ASSIGNED TASK
Only the lines below from the one with "블랙 테일러드 재킷과" through the one with "Dette charmerende feriehus" are to be written out, exactly and without any images.

THE DATA
☆ ☆ ☆

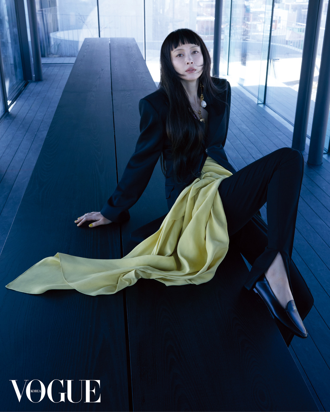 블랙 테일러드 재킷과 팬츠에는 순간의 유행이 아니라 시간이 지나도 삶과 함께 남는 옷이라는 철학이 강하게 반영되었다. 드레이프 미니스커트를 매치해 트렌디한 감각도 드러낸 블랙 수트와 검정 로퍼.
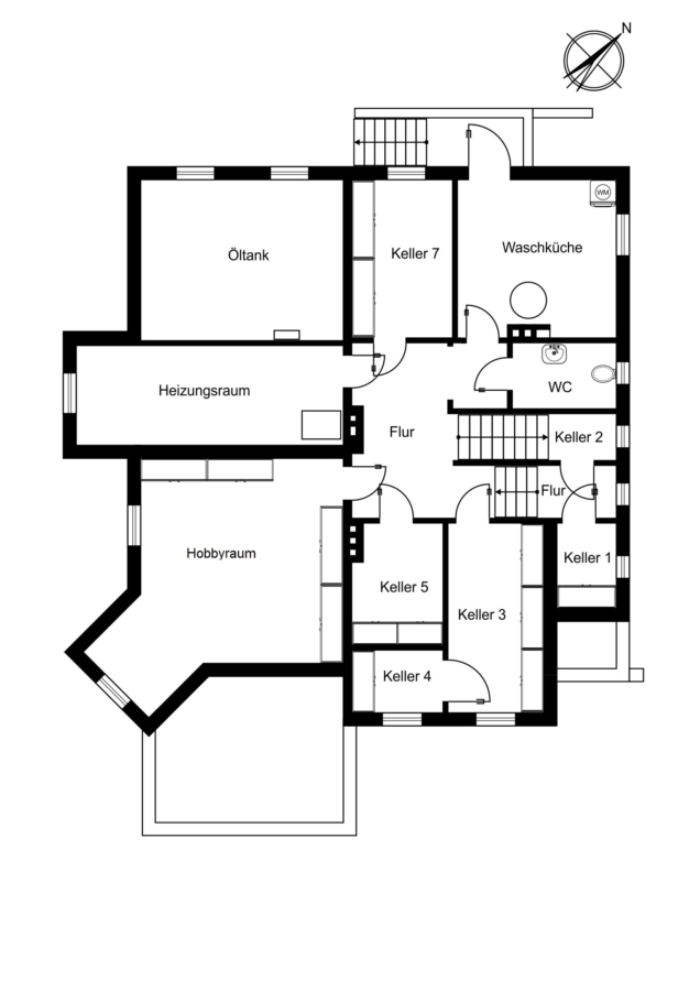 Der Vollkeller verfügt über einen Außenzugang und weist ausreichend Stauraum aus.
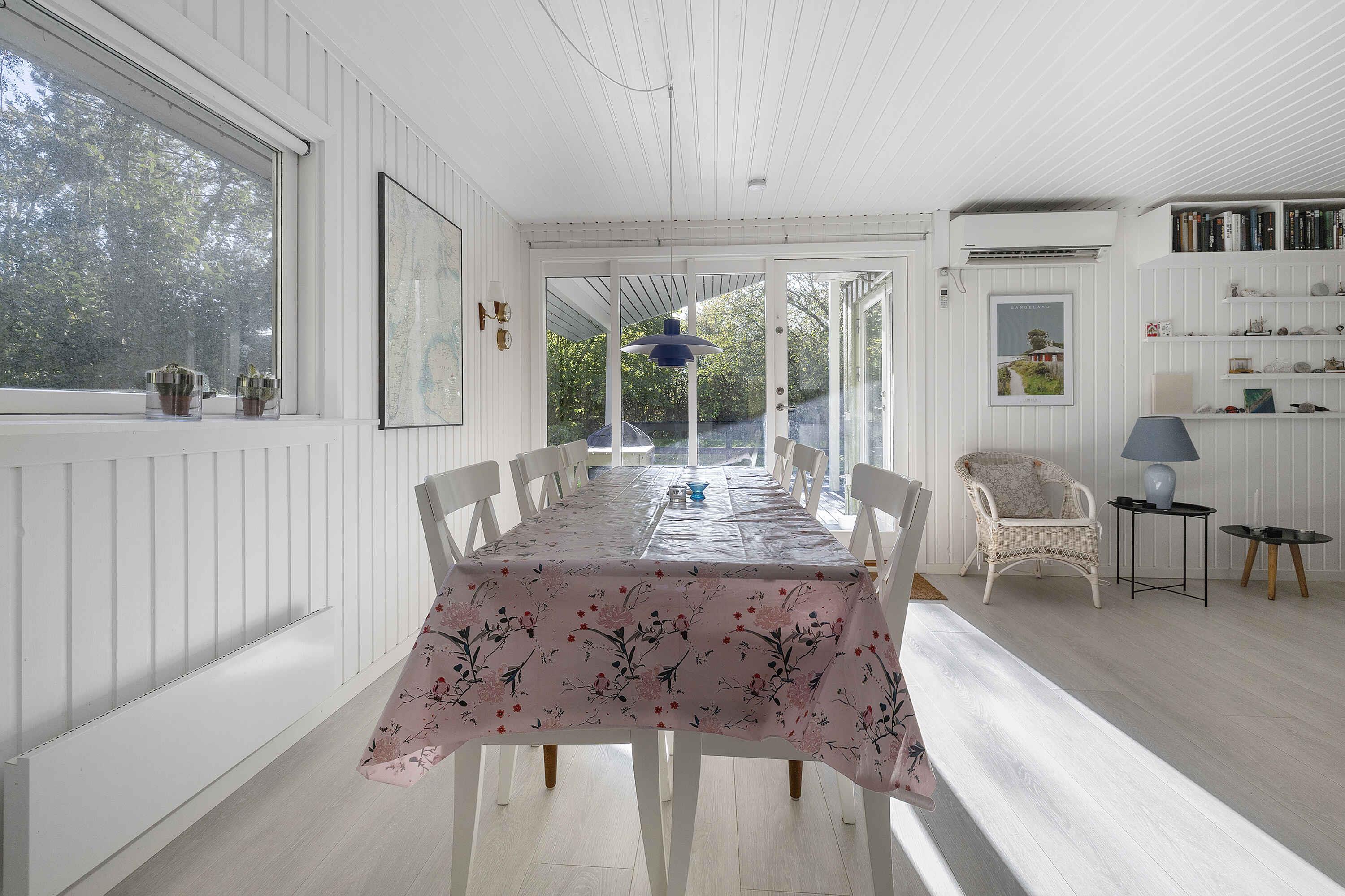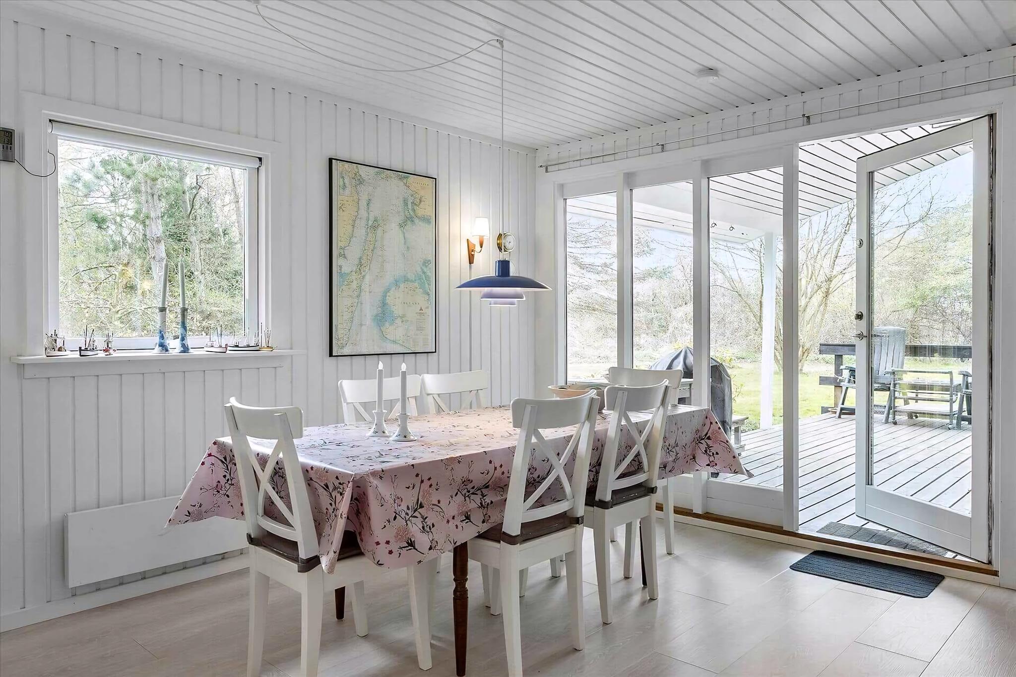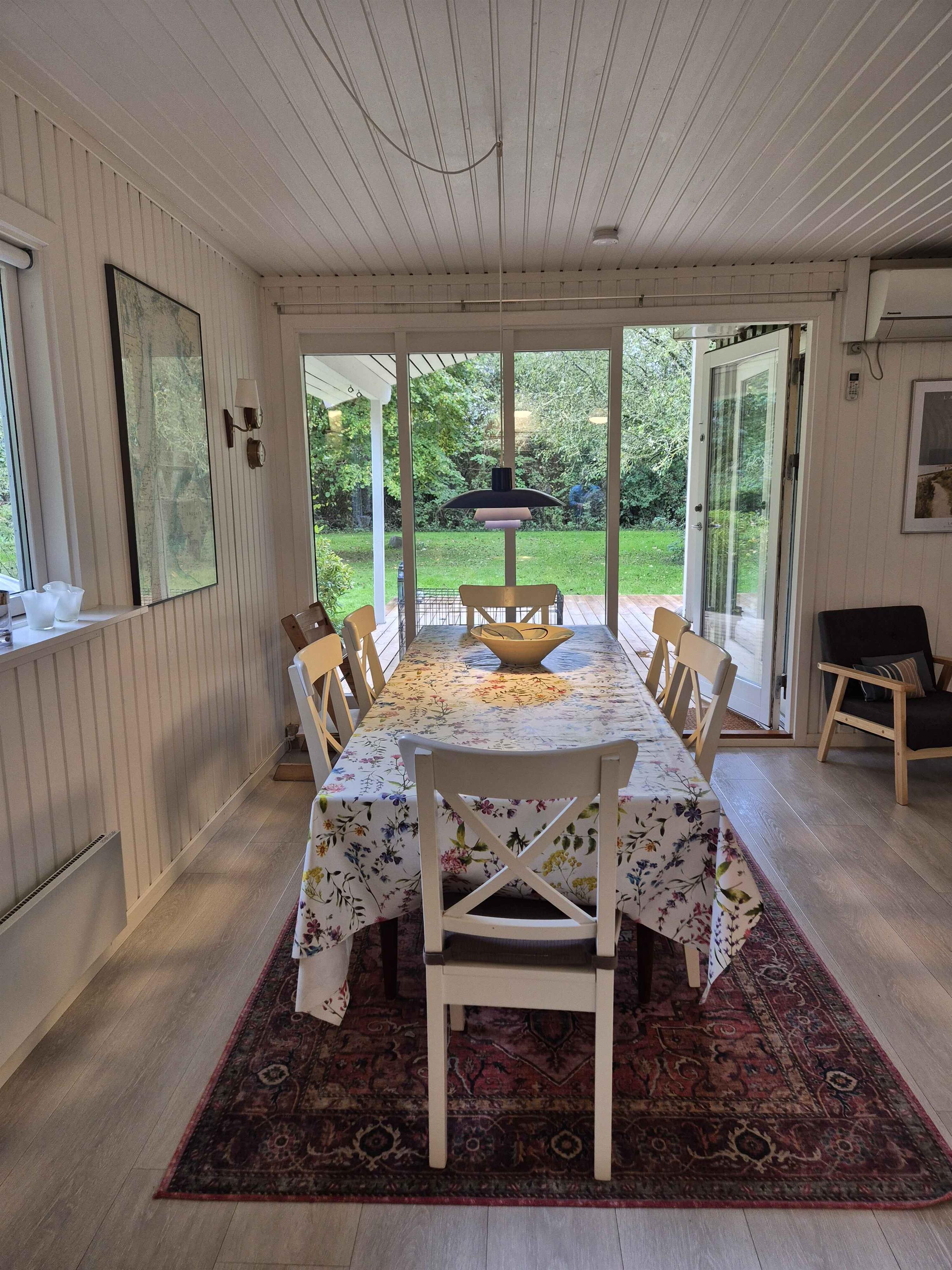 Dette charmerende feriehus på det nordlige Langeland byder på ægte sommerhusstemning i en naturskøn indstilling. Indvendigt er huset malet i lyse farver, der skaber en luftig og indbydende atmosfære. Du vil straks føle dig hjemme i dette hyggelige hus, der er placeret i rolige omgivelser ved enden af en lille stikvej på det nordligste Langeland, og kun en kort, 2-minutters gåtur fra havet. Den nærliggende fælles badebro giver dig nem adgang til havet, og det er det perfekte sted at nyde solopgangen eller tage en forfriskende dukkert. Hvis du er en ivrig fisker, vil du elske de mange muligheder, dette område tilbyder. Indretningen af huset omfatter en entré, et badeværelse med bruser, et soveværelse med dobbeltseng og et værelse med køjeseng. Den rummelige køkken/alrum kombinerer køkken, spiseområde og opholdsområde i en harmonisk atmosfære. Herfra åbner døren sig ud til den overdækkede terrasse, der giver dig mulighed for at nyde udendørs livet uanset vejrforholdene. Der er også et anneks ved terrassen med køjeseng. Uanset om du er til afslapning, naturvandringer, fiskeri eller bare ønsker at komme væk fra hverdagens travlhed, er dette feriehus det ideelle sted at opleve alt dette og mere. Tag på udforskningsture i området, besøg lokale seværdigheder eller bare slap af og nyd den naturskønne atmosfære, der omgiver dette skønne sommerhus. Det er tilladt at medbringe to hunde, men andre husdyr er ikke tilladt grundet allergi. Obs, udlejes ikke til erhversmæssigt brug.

☆ ☆ ☆

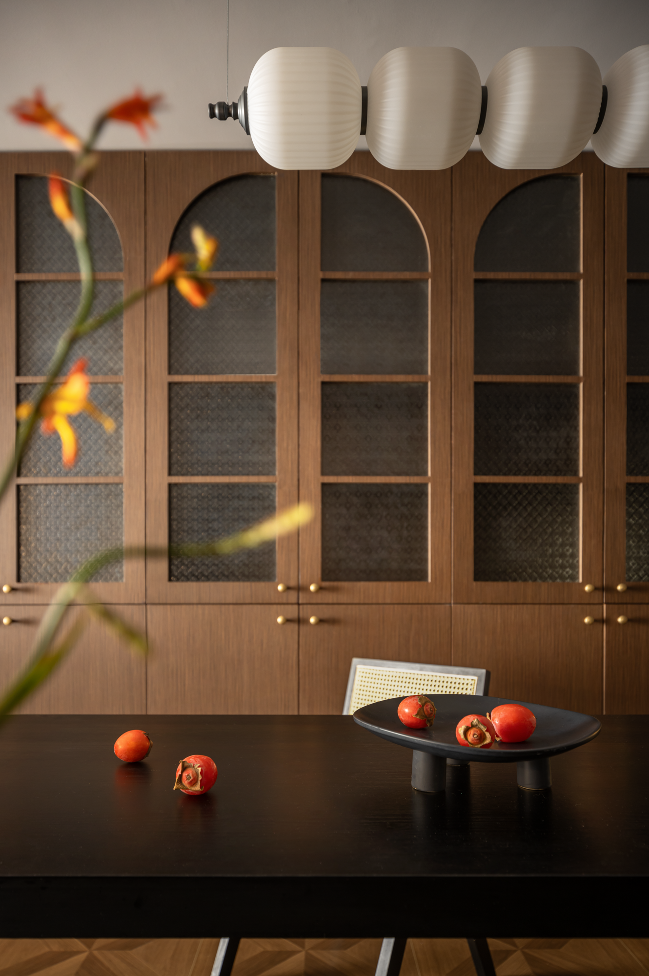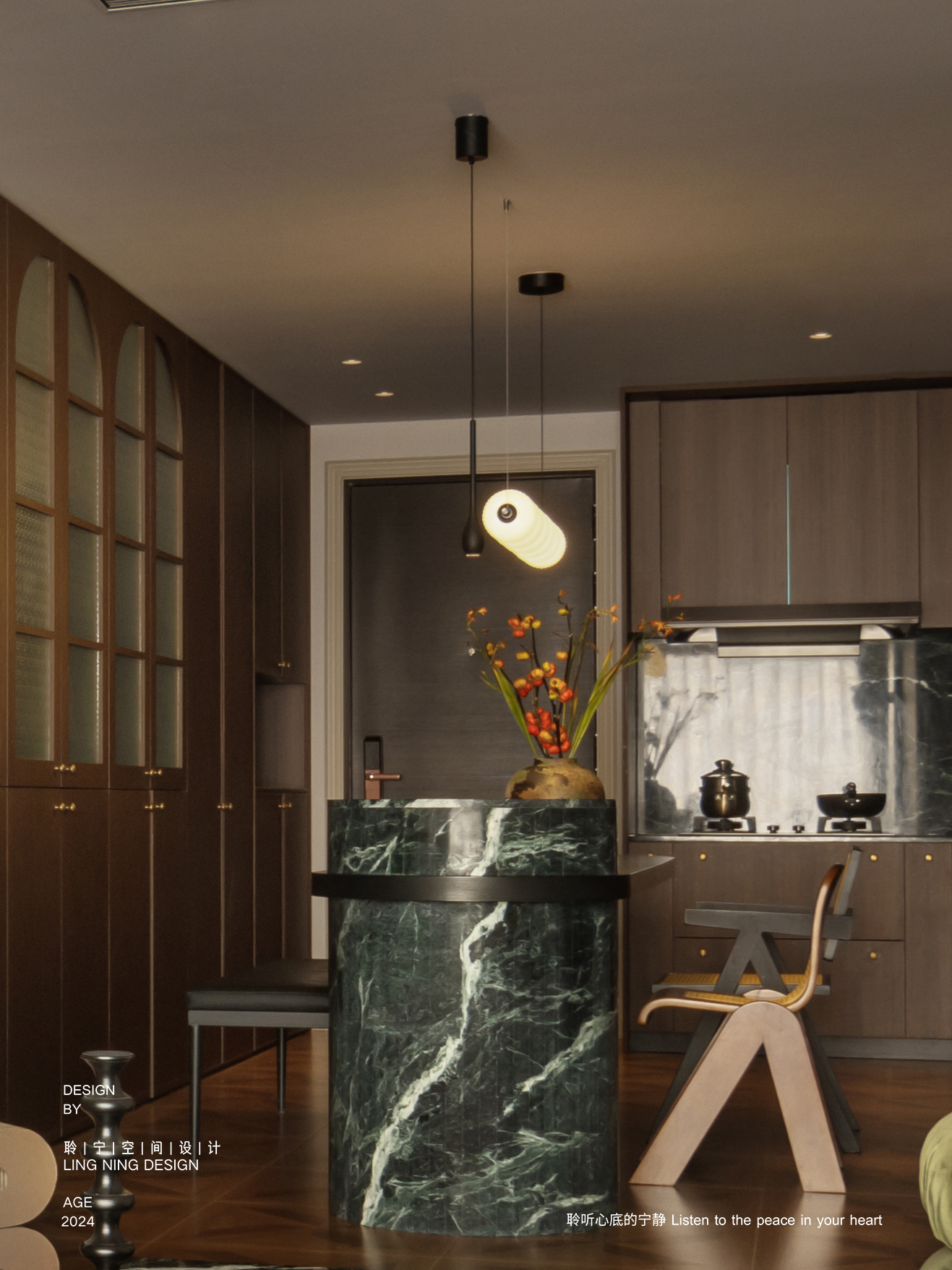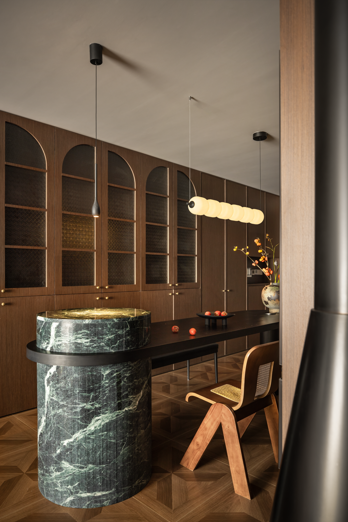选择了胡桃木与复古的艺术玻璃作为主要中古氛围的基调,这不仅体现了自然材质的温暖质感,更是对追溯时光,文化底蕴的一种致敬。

☆ ☆ ☆

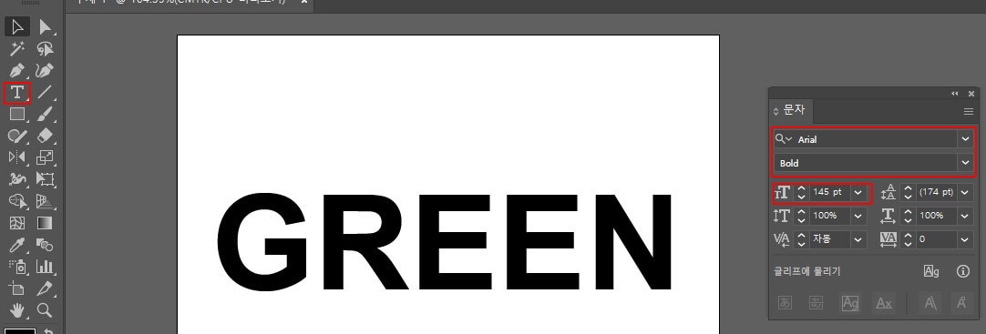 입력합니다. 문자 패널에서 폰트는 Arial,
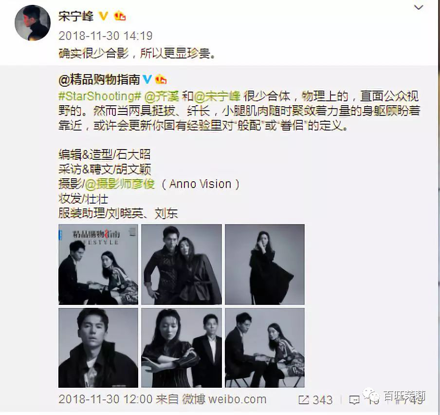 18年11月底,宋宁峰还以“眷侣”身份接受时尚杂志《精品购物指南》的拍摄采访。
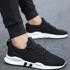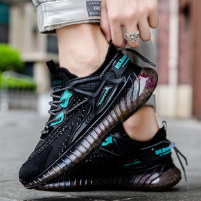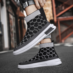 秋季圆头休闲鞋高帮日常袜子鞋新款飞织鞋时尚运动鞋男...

☆ ☆ ☆

RESULT
 블랙 테일러드 재킷과 팬츠에는 순간의 유행이 아니라 시간이 지나도 삶과 함께 남는 옷이라는 철학이 강하게 반영되었다. 드레이프 미니스커트를 매치해 트렌디한 감각도 드러낸 블랙 수트와 검정 로퍼.
 Der Vollkeller verfügt über einen Außenzugang und weist ausreichend Stauraum aus.
 Dette charmerende feriehus på det nordlige Langeland byder på ægte sommerhusstemning i en naturskøn indstilling. Indvendigt er huset malet i lyse farver, der skaber en luftig og indbydende atmosfære. Du vil straks føle dig hjemme i dette hyggelige hus, der er placeret i rolige omgivelser ved enden af en lille stikvej på det nordligste Langeland, og kun en kort, 2-minutters gåtur fra havet. Den nærliggende fælles badebro giver dig nem adgang til havet, og det er det perfekte sted at nyde solopgangen eller tage en forfriskende dukkert. Hvis du er en ivrig fisker, vil du elske de mange muligheder, dette område tilbyder. Indretningen af huset omfatter en entré, et badeværelse med bruser, et soveværelse med dobbeltseng og et værelse med køjeseng. Den rummelige køkken/alrum kombinerer køkken, spiseområde og opholdsområde i en harmonisk atmosfære. Herfra åbner døren sig ud til den overdækkede terrasse, der giver dig mulighed for at nyde udendørs livet uanset vejrforholdene. Der er også et anneks ved terrassen med køjeseng. Uanset om du er til afslapning, naturvandringer, fiskeri eller bare ønsker at komme væk fra hverdagens travlhed, er dette feriehus det ideelle sted at opleve alt dette og mere. Tag på udforskningsture i området, besøg lokale seværdigheder eller bare slap af og nyd den naturskønne atmosfære, der omgiver dette skønne sommerhus. Det er tilladt at medbringe to hunde, men andre husdyr er ikke tilladt grundet allergi. Obs, udlejes ikke til erhversmæssigt brug.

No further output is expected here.